“Call to me and I will answer you and tell you great and unsearchable things you do not know.” – Jeremiah 33:3
Simple Love
I have always been afraid of the cost of loving those who are suffering deeply. This fear came up immediately on this trip. The first day we walked into the orphanage we were immediately presented with the faces and bodies of children who have suffered more than I can ever imagine. We walked from the peaceful gardens in the compound to dim hallways that smelled of urine, body odor, and sickness.
In the orphanage there are five rooms, in which the children are organized according to their age and the severity of their illness. Room one has the sickest babies; room five has the older and healthier kids. The first room I saw was room one. Tears came to my eyes to see these children with sores on their faces, shrunken bodies, crying eyes. That is when the grace of God met me.
I walked over to one of the cribs and looked down at a little girl. She was crying in pain, her body was covered with scabies and large sores. But, when I bent down to say hello to her she smiled at me. That was when I saw it, the person, the little girl. There was a person there, even covered with all that pain. Suddenly air in the room felt lighter, the smell didn’t make me nauseous, and my heart lifted. In the eyes of that AIDS baby I saw the truth. Regardless of our pain and suffering, we retain the ability to feel and respond to love. The challenge of Compassion is to look at the person and not see what is wrong with them, but to see their soul shining back at you. Then, the small acts of service; changing a diaper, spooning gruel into a mouth, washing the wounded, all those acts become acts of a simple and great love. Simple things, done with great love, become extraordinary acts of kindness.
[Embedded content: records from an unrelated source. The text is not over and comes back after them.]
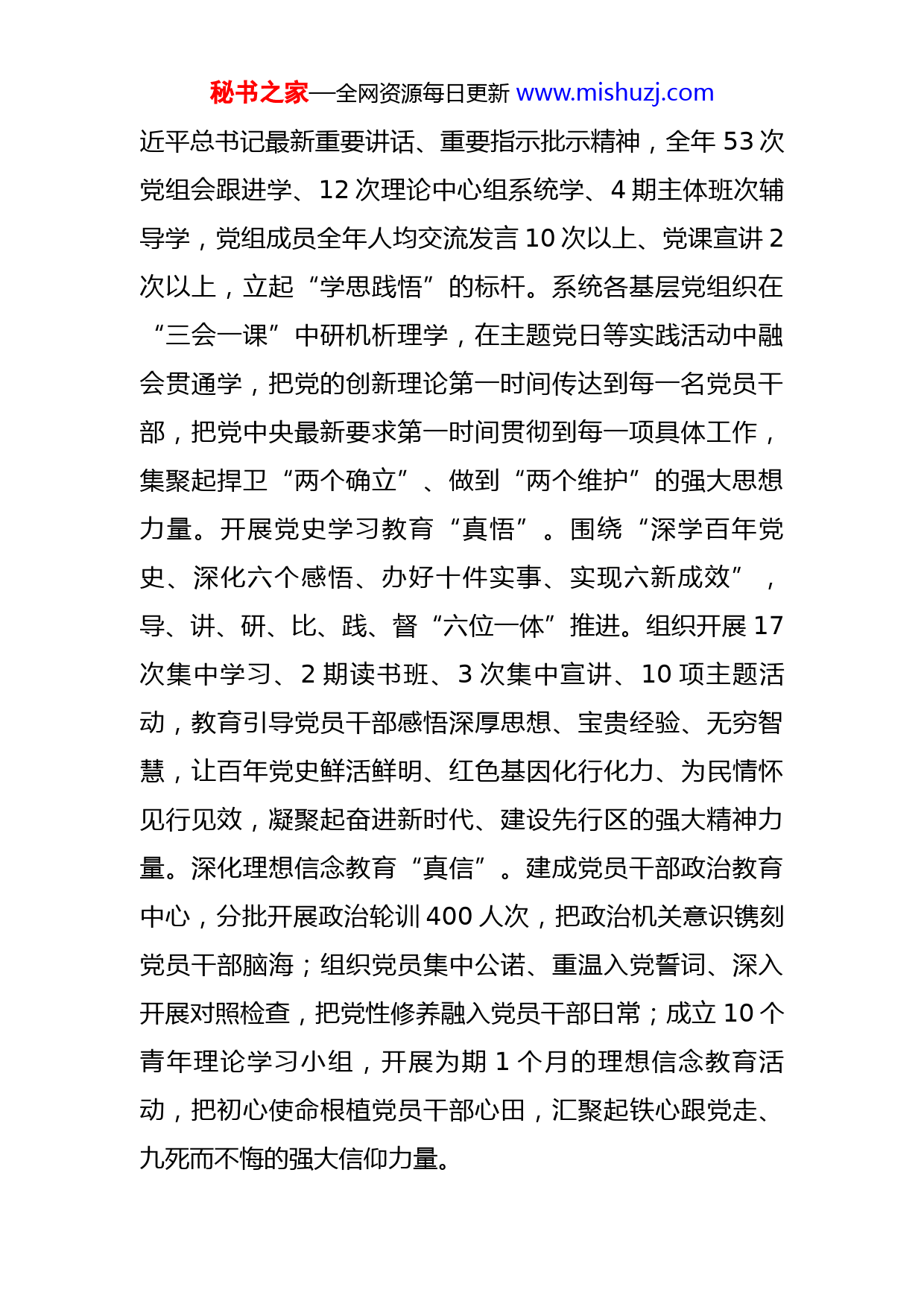 秘书之家—全网资源每日更新www.mishuzj.com在全面从严治党工作会议上的讲话今天,我们召开厅系统全面从严治党工作会议,主要任务是,深入学习贯彻习近平新时代中国特色社会主义思想,全面落实十九届中央纪委六次全会、自治区纪委十二届六次全会精神,总结20XX年全面从严治党工作,部署2022年重点任务。刚才,我们传达学习了中央和自治区有关会议精神,XX组长安排部署了20XX年党风廉政建设和反腐败工作。下面,我就做好今年厅系统全面从严治党工作讲3个方面意见。一、贯彻新时代党的建设总要求,坚持严的主基调不动摇,全面从严治党工作取得新成效20XX年,我们坚决落实党中央、自治区党委关于全面从严治党各项决策部署,以坚定的政治信念、坚强的思想基础、坚实的组织力量,扛起了建设先行区主力军政治责任。过去一年,我们坚持用马克思主义中国化最新理论成果武装头脑,理想信念“总开关”越拧越紧。始终把思想建设作为基础性、长期性任务来抓,引导党员干部把捍卫“两个确立”、做到“两个维护”作为最大政治、最高使命、最真情怀,用心铭记、深切感悟、自觉践行。落实第一议题制度“真学”。厅党组以上率下,第一议题必学习秘书之家—全网资源每日更新www.mishuzj.com近平总书记最新重要讲话、重要指示批示精神,全年53次党组会跟进学、12次理论中心组系统学、4期主体班次辅导学,党组成员全年人均交流发言10次以上、党课宣讲2次以上,立起“学思践悟”的标杆。系统各基层党组织在“三会一课”中研机析理学,在主题党日等实践活动中融会贯通学,把党的创新理论第一时间传达到每一名党员干部,把党中央最新要求第一时间贯彻到每一项具体工作,集聚起捍卫“两个确立”、做到“两个维护”的强大思想力量。开展党史学习教育“真悟”。围绕“深学百年党史、深化六个感悟、办好十件实事、实现六新成效”,导、讲、研、比、践、督“六位一体”推进。组织开展17次集中学习、2期读书班、3次集中宣讲、10项主题活动,教育引导党员干部感悟深厚思想、宝贵经验、无穷智慧,让百年党史鲜活鲜明、红色基因化行化力、为民情怀见行见效,凝聚起奋进新时代、建设先行区的强大精神力量。深化理想信念教育“真信”。建成党员干部政治教育中心,分批开展政治轮训400人次,把政治机关意识镌刻党员干部脑海;组织党员集中公诺、重温入党誓词、深入开展对照检查,把党性修养融入党员干部日常;成立10个青年理论学习小组,开展为期1个月的理想信念教育活动,把初心使命根植党员干部心田,汇聚起铁心跟党走、九死而不悔的强大信仰力量。秘书之家—全网资源每日更新www.mishuzj.com过去一年,我们扎实创建“让党中央放心、让人民群众满意”模范机关,基层党组织“桥头堡”越建越强。以模范机关创建为总抓手,一篙不松抓基层、一丝不苟夯基础,成为区直部门第一批模范机关达标单位。聚实责任“严管”。厅党组会议19次研究全面从严治党重大事项,2次听取基层党组织书记履职情况汇报;党组成员认真履行“一岗双责”,严格落实双重组织生活和基层联系点工作制度,36次深入一线调研,推动分管领域全面从严治党主体责任落实;49个基层党组织自上而下制定全面从严治党“三个清单”,明确了1000余项管党治党主要任务,各党支部书记每季度报告1次抓党建工作情况,形成以上率下、上下贯通的整体合力。擦亮品牌“建强”。“基层党建全面提升年”成效斐然,“三强九严”要求全面落实。测绘地理信息院“精准测量先行区、匠心绘制新宁夏”成为区直机关党建品牌,擦亮了基层党组织服务先行区建设的“名片”;国土资源调查监测院“调查监测守初心、一河三山践使命”党建品牌,成为XXXX事业服务群众的“窗口”;组织13个党员突击队、190余名党员下沉社区,助力打赢“10·17”疫情防控阻击战,让每个支部就是一个坚强堡垒、每名党员就是一名战斗先锋的使命担当,书写在为民服务一线。攻坚克难“见行”。把贯彻落实党中央和自治区党委决策部署,作为检验模范机关建设秘书之家—全网资源每日更新www.mishuzj.com成效的“标尺”。扫黑除恶、违建别墅问题整治、农村乱占耕地建房问题排查清理、贺兰山生态环境综合治理“四场硬仗”打赢打胜,彰显了政治机关建设本色;“我为群众办实事”实践活动扎实推进,135件为民实事全部办结,展现了服务机关建设底色;“以实干展现新作为、靠实干交出新答卷”活动深入开展,制止耕地“非农化”、矿业发展绿色转型、实景三维宁夏建设等重点任务成效明显,凸显了实干机关建设成色。党员干部斗争精神、奋斗意志、创新能力,在模范机关建设实践中得到检验、经受历练,交出了XXXX人新的时代答卷。过去一年,我们守正创新推进宣传思想工作,XXXX领域意识形态“主阵地”越守越严。旗帜鲜明坚持党管宣传,牢牢把握意识形态工作主动权领导权。下好责任“一盘棋”。把意识形态工作纳入效能目标考核,逐级签订责任书,压实主体责任。召开2次意识形态工作领导小组会议、7次网络安全专题会议,30余次听取基层党组织书记抓意识形态工作汇报,分析问题、研判形势,部署任务、推动落实,构建起上下协同、齐抓共管的工作格局。用好宣传“扩音器”。以志辉源石酒庄历史遗留问题解决为主题的《宁
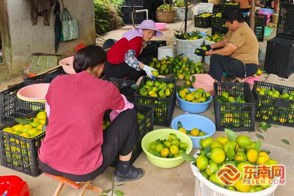 新罗区大池镇合甲村早蜜桔丰收,几位农户正忙碌着分拣柑橘。各色容器里装满了黄绿相间、带着新鲜枝叶的柑橘,农户们仔细挑选、分类,为柑橘的后续销售等环节做准备。新罗区融媒体中心供图
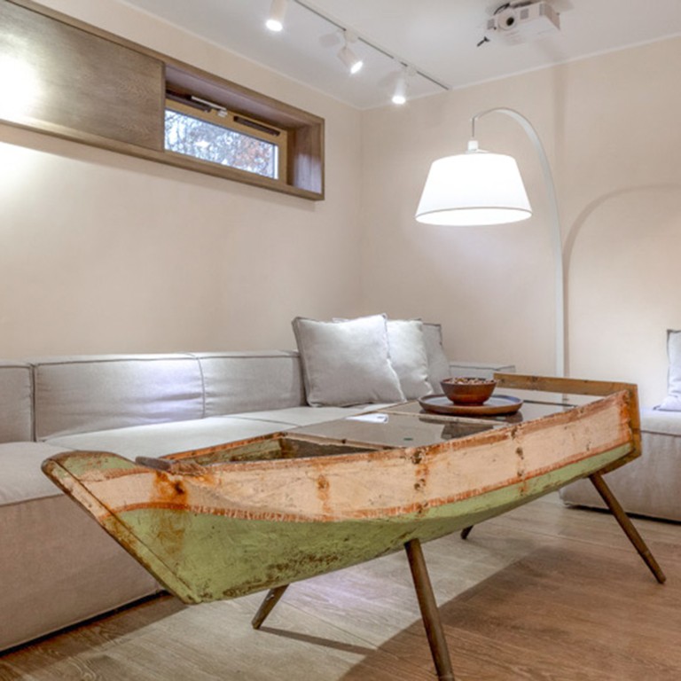 Мебель получается по-настоящему нетривиальной, имеет сложную фактуру фасадов, созданную самой жизнью и природой, в то же время диктуя человеку форму, привязанную к морскому транспорту.

In the words of another visitor to Mother Theresa;
“Accompanying Mother Theresa, as we did, to the Home for the Dying, to the lepers and unwanted children, I found I went through three phases. The first was horror mixed with pity, the second compassion pure and simple, and the third, reaching far beyond compassion something I had never experienced before- an awareness that these dying and derelict men and women, these lepers with stumps instead of hands these unwanted children were not pitiable, repulsive or forlorn, but rather dear and delightful; as it might be, friends of long standing, brothers and sisters.” – Malcolm Muggeridge
May God grant that I am able to see people with new eyes, the eyes of one who looks past what is wrong with them and sees the person, created in the image of God. I want to see a person who is worthy to love and be loved. Jesus, make it so.